表題番号:2013B-169
日付:2014/04/22
研究課題ランダムスキャン2光子励起顕微鏡による多点同時分子動態および膜電位測定
| 研究者所属(当時) | 資格 | 氏名 | |
|---|---|---|---|
| (代表者) | 理工学術院 | 教授 | 井上 貴文 |
- 研究成果概要
- 本研究は申請者の開発したランダムアクセス型2光子励起顕微鏡システムを用いて、これまで困難だった遊離タンパク質の動態を直接計測することを目指す。多点で同時に蛍光相関分光法(FCS)を適用することにより樹状突起の細胞質中を高速に移動するタンパク質分子の動態を捉え、シナプスと核を連絡するシグナル系の実態を明らかにすることを目的とする。これまで細胞質内を拡散する遊離型タンパク質は拡散速度の桁違いの大きさのため直接的な動態の計測は困難だった。蛍光相関分光法(FCS)は溶液中での一分子の振る舞いを計測する手法で、これを細胞内に適応することにより細胞質内の遊離タンパク質の挙動を追跡できる。しかし従来のFCS装置は細胞内の一点からしか記録できず、細胞内の様々な部位における機能タンパク質の動態解析を行うには制約があった。特に神経細胞は細胞内の機能局在性が高く、同時多点からのFCS解析は非常に多くの情報をもたらすことが期待される。本研究では新規に開発した2光子励起顕微鏡システムを用いカルモジュリン、CamKII、Ca結合タンパク質(calbindin等)などシナプス機能に重大な機能分子のスパイン内外での動態を検出することを試みた。その結果初代培養神経細胞内でのタンパク質拡散の様態を示すデータが得られつつある。また、解析法を開発しつつ、データモデルに基づく拡散を精密に解析した。

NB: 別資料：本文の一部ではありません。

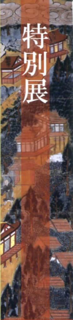
夢遊曼茶羅 中山寺蔵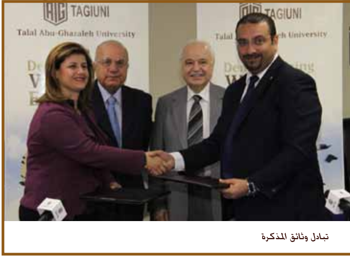
تبادل وثائق المذكرة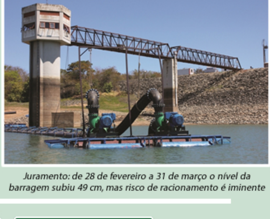
Juramento: de 28 de fevereiro a 31 de março o nível da barragem subiu 49 cm, mas risco de racionamento é iminente

Até o dia 05/04/17, os municípios do Norte de Minas em situação de emergência reconhecida pela Sedec por causa da seca já eram 36: Janaúba, São João do Paraíso, Matias Cardoso, Jaíba, Chapada Gaúcha, Juramento, Cachoeira de Pajeú, Itacambira, Várzea da Palma, Pedras de Maria da Cruz, Verdelandia, Ibiracatu, Pai Pedro, Coração de Jesus, São Romão, Varzelândia, Grão-Mogol, São Francisco, Gameleiras, Botumirim, Lontra, Novorizonte, Mamonas, Januária, Mato Verde, São João da Ponte, Luislândia, Josenópolis, Uruçuia, Ponto Chique, Ubaí, Manga, Bocaiuva, Japonvar, Indaiabira e Serranópolis de Minas.

同顕微鏡の高速ランダムスキャンは膜電位色素の蛍光変化を多点で高速に記録することが可能で、これにより複数神経細胞の活動電位を光学的に計測することが可能になる。初代培養神経細胞に電位依存性色素を導入する方法を開発し、さらに膜電位および細胞内カルシウム濃度の同時記録系を立ち上げ、実際に計測を行った。その結果、カルシウム濃度計測では時間分解能が不足して測定できなかった神経細胞同士のシナプス結合の向きが膜電位計測により測定できることが明らかとなった。